Cet avis est partagé par les représentants des groupes environnementaux et du milieu de la santé qui avaient convergé vers Ottawa, lundi, justement pour interpeller la ministre McKenna sur l’élimination progressive des centrales d’électricité au charbon.

«C’est une tendance mondiale dont le Canada peut seulement espérer faire partie», a résumé en conférence de presse au parlement le docteur Joe Vipond, de l’Association canadienne des médecins pour l’environnement (ACME).

Les 35 centrales au charbon canadiennes rejettent actuellement environ 10 pour cent des émissions totales de GES au pays. Le plan annoncée lundi, qui équivaut au retrait de 1,3 million de voitures de la circulation, fera baisser les émissions de plus de 5 mégatonnes d’ici 2030.

Mme McKenna a dévoilé ce nouveau volet de la stratégie fédérale à un peu moins de trois semaines d’une rencontre entre le premier ministre Justin Trudeau et ses homologues provinciaux, les 8 et 9 décembre prochain. L’un des principaux objectifs de cette réunion est l’adoption d’un plan d’action pancanadien sur le climat.

Le plus récalcitrant des premiers ministres du pays en matière de lutte aux changements climatiques, Brad Wall, de la Saskatchewan, a accusé le gouvernement Trudeau d’agir sans consulter dans le dossier des centrales au charbon comme dans celui du prix sur le carbone.

Il a assuré que son gouvernement étudierait l’impact économique et environnemental du plan présenté lundi tout en prévenant que la Saskatchewan «n’appuiera aucun accord à la réunion de décembre à moins que l’on retire la proposition d’une taxe fédérale sur le carbone».

Dans les autres provinces qui exploitent toujours des centrales au charbon, la réception a été plus positive.

Du côté de l’Alberta, la ministre de l’Environnement y a vu une preuve que le virage annoncé par le gouvernement néo-démocrate était le bon. Au Nouveau-Brunswick, on a salué le «leadership» et la «flexibilité» du gouvernement de Justin Trudeau.

Le gouvernement néo-écossais s’est pour sa part réjoui du sursis que lui a accordé le gouvernement fédéral. En vertu d’une entente de principe conclue avec Ottawa, les centrales de la province pourront demeurer ouvertes au-delà de 2030. En échange, la Nouvelle-Écosse a accepté de mettre sur pied un système de plafonnement et d’échange de droits d’émissions de GES.

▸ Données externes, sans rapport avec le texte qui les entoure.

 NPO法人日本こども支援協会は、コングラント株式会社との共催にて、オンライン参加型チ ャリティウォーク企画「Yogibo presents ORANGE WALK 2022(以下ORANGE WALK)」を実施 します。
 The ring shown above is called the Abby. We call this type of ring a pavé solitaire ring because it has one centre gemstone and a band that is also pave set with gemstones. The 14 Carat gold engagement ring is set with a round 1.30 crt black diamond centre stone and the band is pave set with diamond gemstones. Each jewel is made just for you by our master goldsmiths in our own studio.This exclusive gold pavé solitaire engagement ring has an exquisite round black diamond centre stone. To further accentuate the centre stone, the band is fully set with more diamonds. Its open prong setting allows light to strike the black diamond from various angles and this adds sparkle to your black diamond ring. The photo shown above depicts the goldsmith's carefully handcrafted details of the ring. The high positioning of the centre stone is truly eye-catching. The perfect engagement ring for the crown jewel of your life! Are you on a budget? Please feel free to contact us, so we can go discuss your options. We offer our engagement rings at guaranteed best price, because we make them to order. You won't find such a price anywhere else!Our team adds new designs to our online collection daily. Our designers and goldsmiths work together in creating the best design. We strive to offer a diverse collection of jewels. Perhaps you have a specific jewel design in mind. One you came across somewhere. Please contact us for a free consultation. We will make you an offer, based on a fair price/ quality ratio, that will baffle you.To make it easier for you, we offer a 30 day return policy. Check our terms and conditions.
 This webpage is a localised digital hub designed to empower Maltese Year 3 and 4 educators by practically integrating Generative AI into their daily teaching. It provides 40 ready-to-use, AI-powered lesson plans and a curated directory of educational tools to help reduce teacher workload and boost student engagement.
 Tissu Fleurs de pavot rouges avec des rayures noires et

À la Fondation David Suzuki, on a bien accueilli le plan McKenna, «mais on aurait préféré que le gouvernement fédéral ne permette pas des échappatoires pour maintenir les centrales au charbon ouvertes (au-delà de 2030)», a précisé son directeur pour le Québec, Karel Mayrand.

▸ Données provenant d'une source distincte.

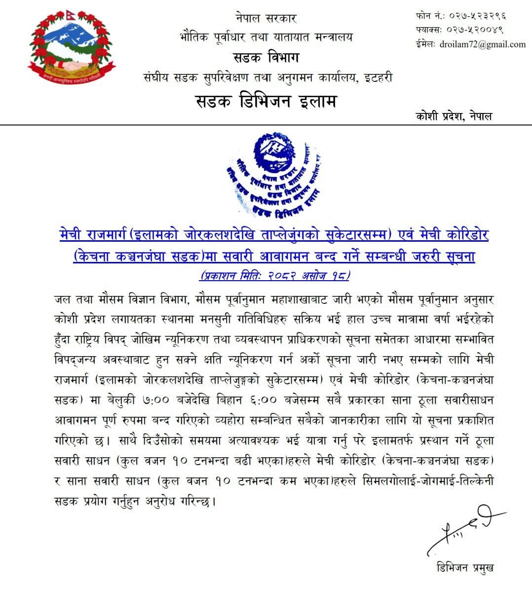 जस अन्तर्गत इलामको जोरकलशदेखि ताप्लेजुङ्गको सुकेटारसम्म एवं मेची कोरिडोर केचना–कञ्चनजंघा सडक मा बेलुकी ७ः०० बजेदेखि बिहान ६ः०० बजेसम्म सबै प्रकारका साना ठूला सवारीसाधन आवागमन पूर्ण रुपमा बन्द गरिएको व्यहोरा सूचनामा उल्लेख छ ।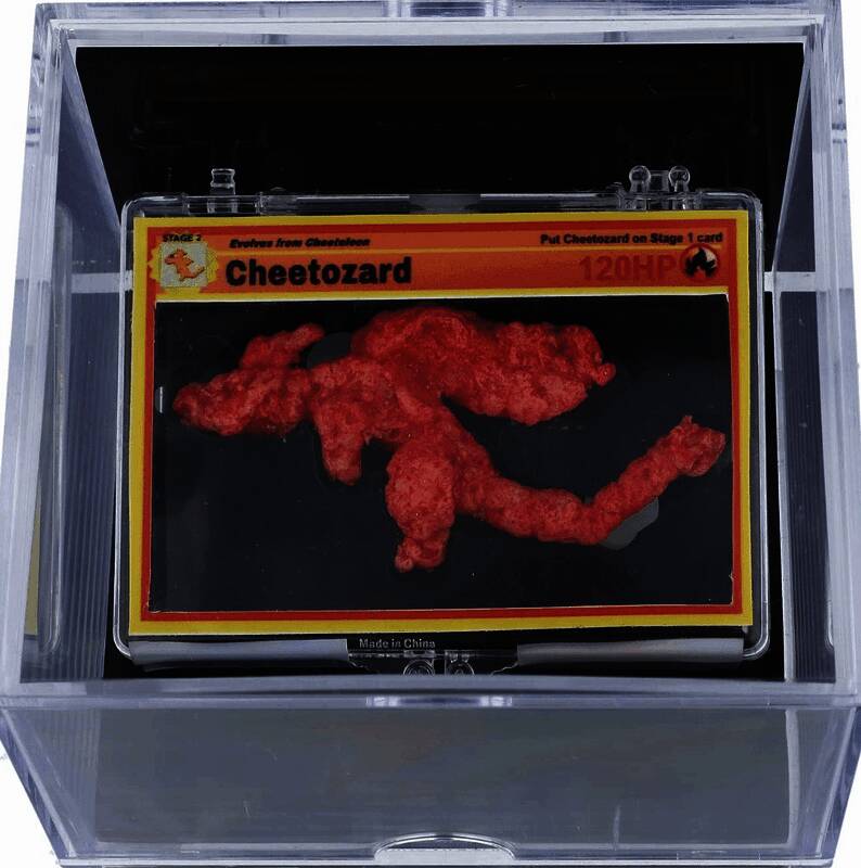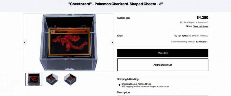 这个奇多薯片被命名为“Cheetozard”,放在一个类似宝可梦卡牌的定制框架中展示。由于竞拍截止时间为3月2日,所以价格仍有上升空间。
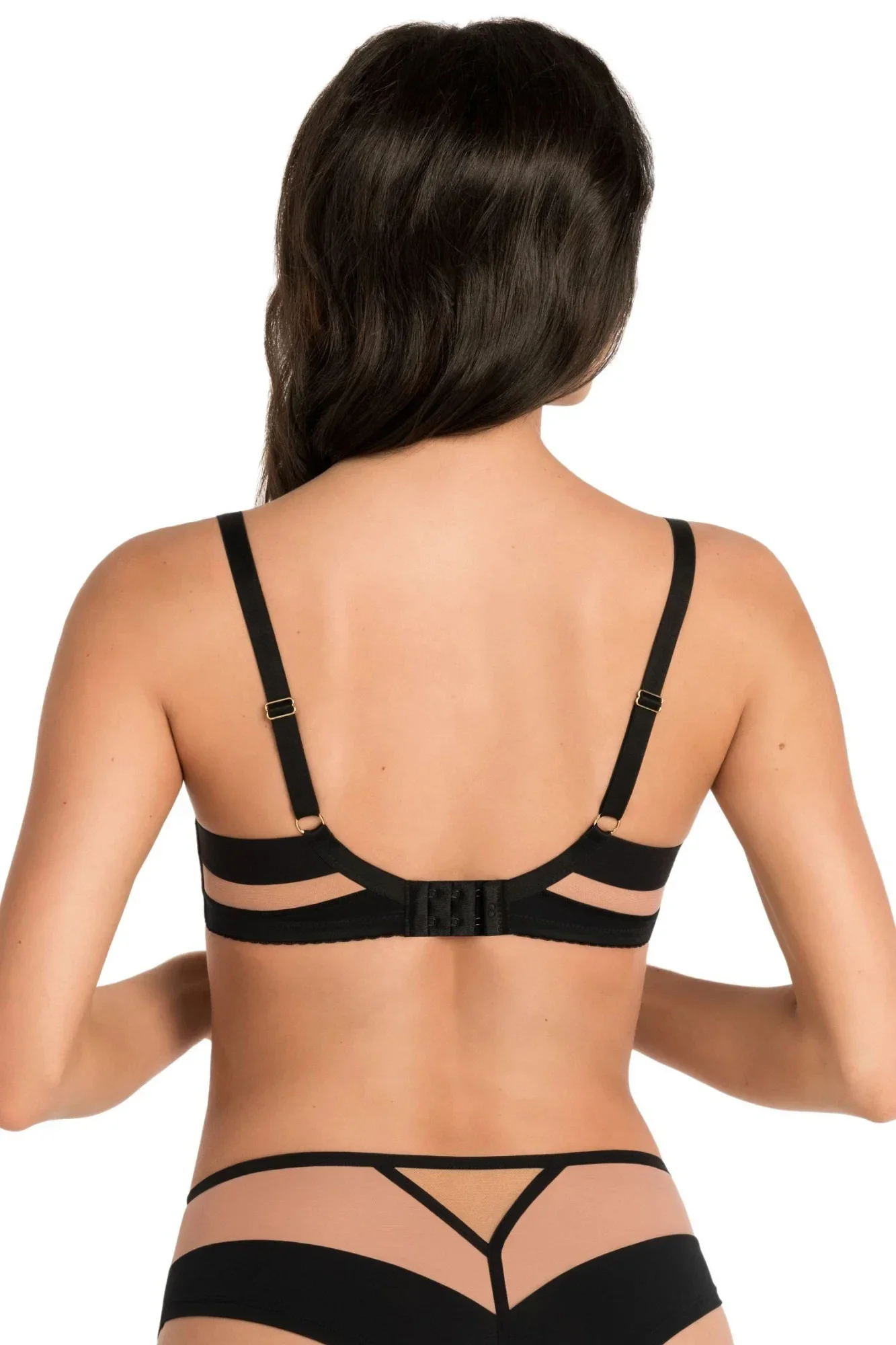 Dámská podprsenka 885 Tesora GORSENIA - béžová barva - měkká podprsenka s kosticemi - poskytuje efekt velmi silného zvednutí a stažení prosu dovnitř - krásná a tvarovaná prsa - třídílné košíčky z tylu se švy přikrytými saténovou páskou - odpínatelný ozdobný řetízek - krásně zvýrazněný výstřih - na zádech zakončená širokou a měkkou gumičkou - boční kostice zabraňují rolování materiálu - neodepínatelná a nastavitelná ramínka ve třech šířkách - zlaté kovové prvky - zapínání na dva nebo tři háčky s třístupňovou regulací obvoduMateriálové složení: 90% polyamid + 7% elastan + 3% polyester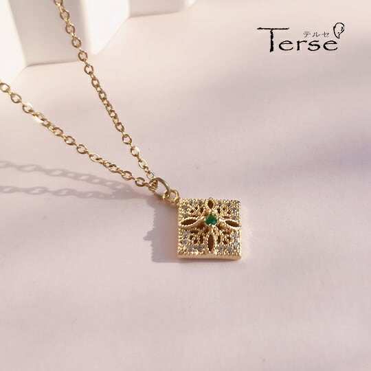 Leafy 中央のグリーンジルコニアとアラベスク模様の透かし彫りが美しいペンダント ネックレス レディース 上品 エレガント 女性らしさ アクセント 幾何学模様 普段使い お出かけ パーティー イベント 食事会 女子会 プレゼント ギフト sn0257a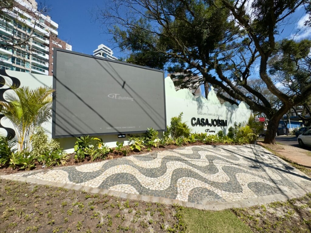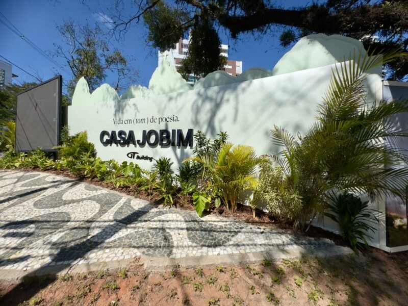 Talvez o melhor exemplo do potencial desse conceito seja o Casa Jobim, empreendimento que recriou a atmosfera da bossa nova e do Rio de Janeiro em plena fase de execução. O painel foi recuado, ocupando parte do terreno privado para dar lugar a uma praça pública sensorial, com piso em petit-pavê, paisagismo tropical exuberante, sistema de som ambiente que toca Wave, de Tom Jobim, e um telão de LED de 4×3,5 metros que exibe conteúdos visuais.

Le député néo-démocrate Charlie Angus a fait écho à ces propos en point de presse dans le foyer des Communes, lundi après-midi, reprochant aux libéraux de n’avoir pas accouché d’un plan plus strict. «Les centrales au charbon doivent fermer. Nous avons besoin d’un réel engagement ferme du gouvernement fédéral», a-t-il fait valoir.